- SOURCE DATA -
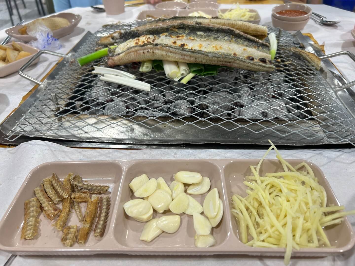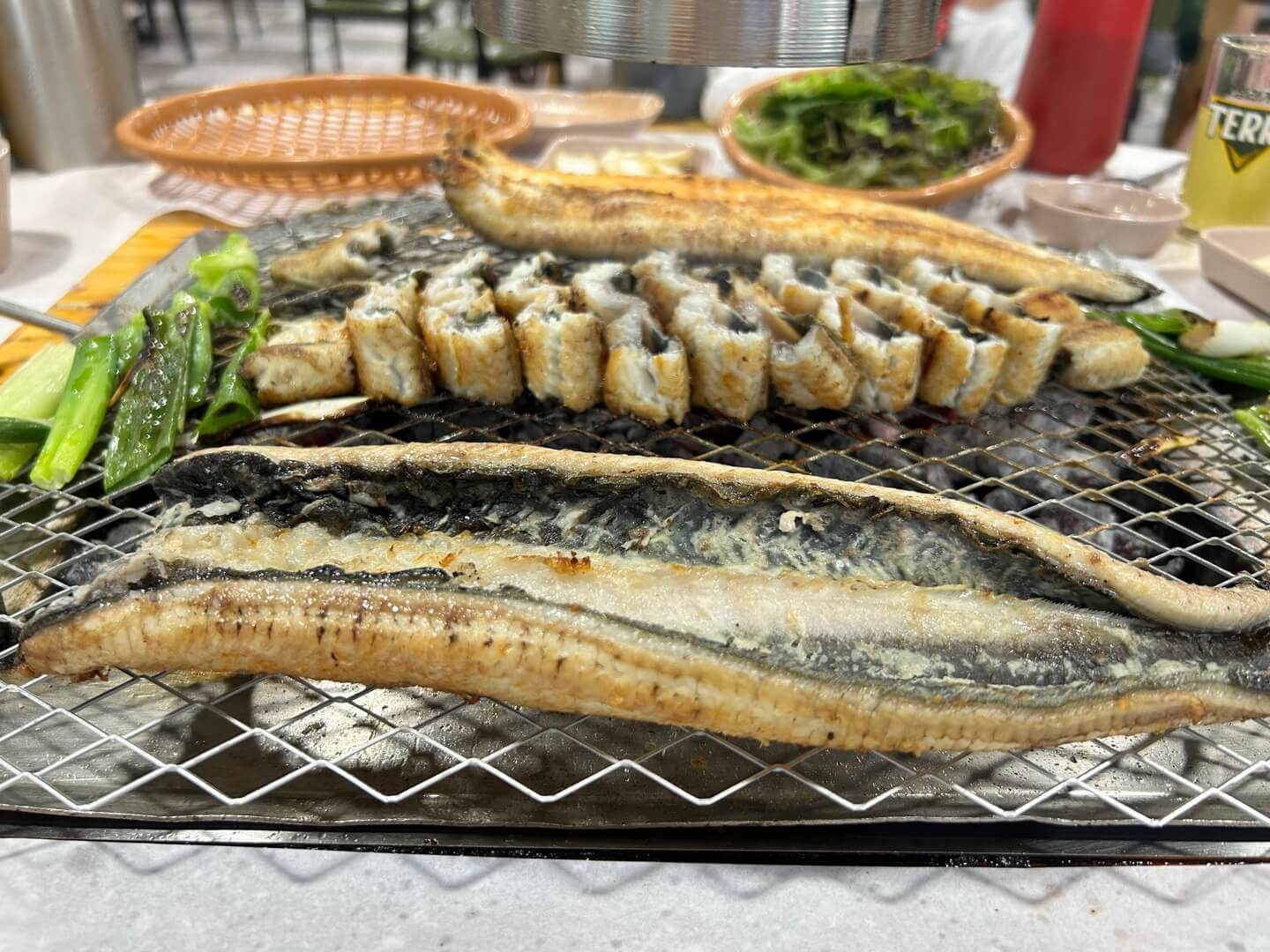 싱싱한 파 위에 올려진 장어는 앞뒤로 굽고 잘라서 세로로 세워서도 굽습니다. 다 구워지면 먹어도 된다는 신호를 주십니다. 그러면 그때부터 신나게 드시면 됩니다.
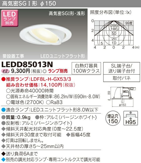 東芝 LEDダウンライト 高気密SGI形(ランプ別売) LEDD85013N
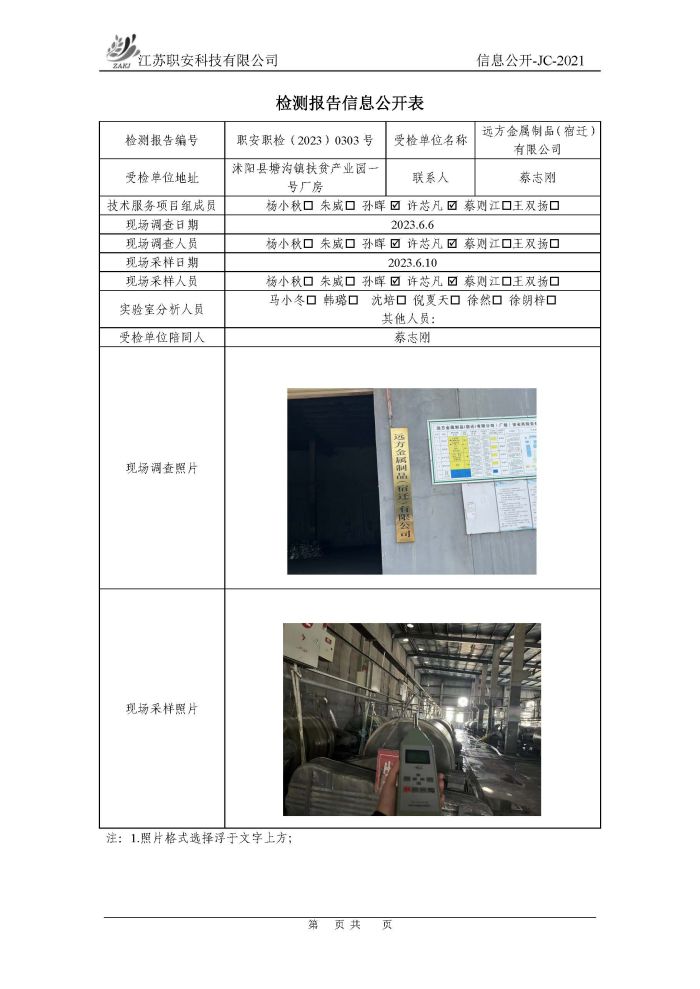 檢測報告公示

- YOUR INSTRUCTIONS -
Images are to be omitted; repeat the remaining data above exactly.

- EXERCISE ANSWER -
 싱싱한 파 위에 올려진 장어는 앞뒤로 굽고 잘라서 세로로 세워서도 굽습니다. 다 구워지면 먹어도 된다는 신호를 주십니다. 그러면 그때부터 신나게 드시면 됩니다.
 東芝 LEDダウンライト 高気密SGI形(ランプ別売) LEDD85013N
 檢測報告公示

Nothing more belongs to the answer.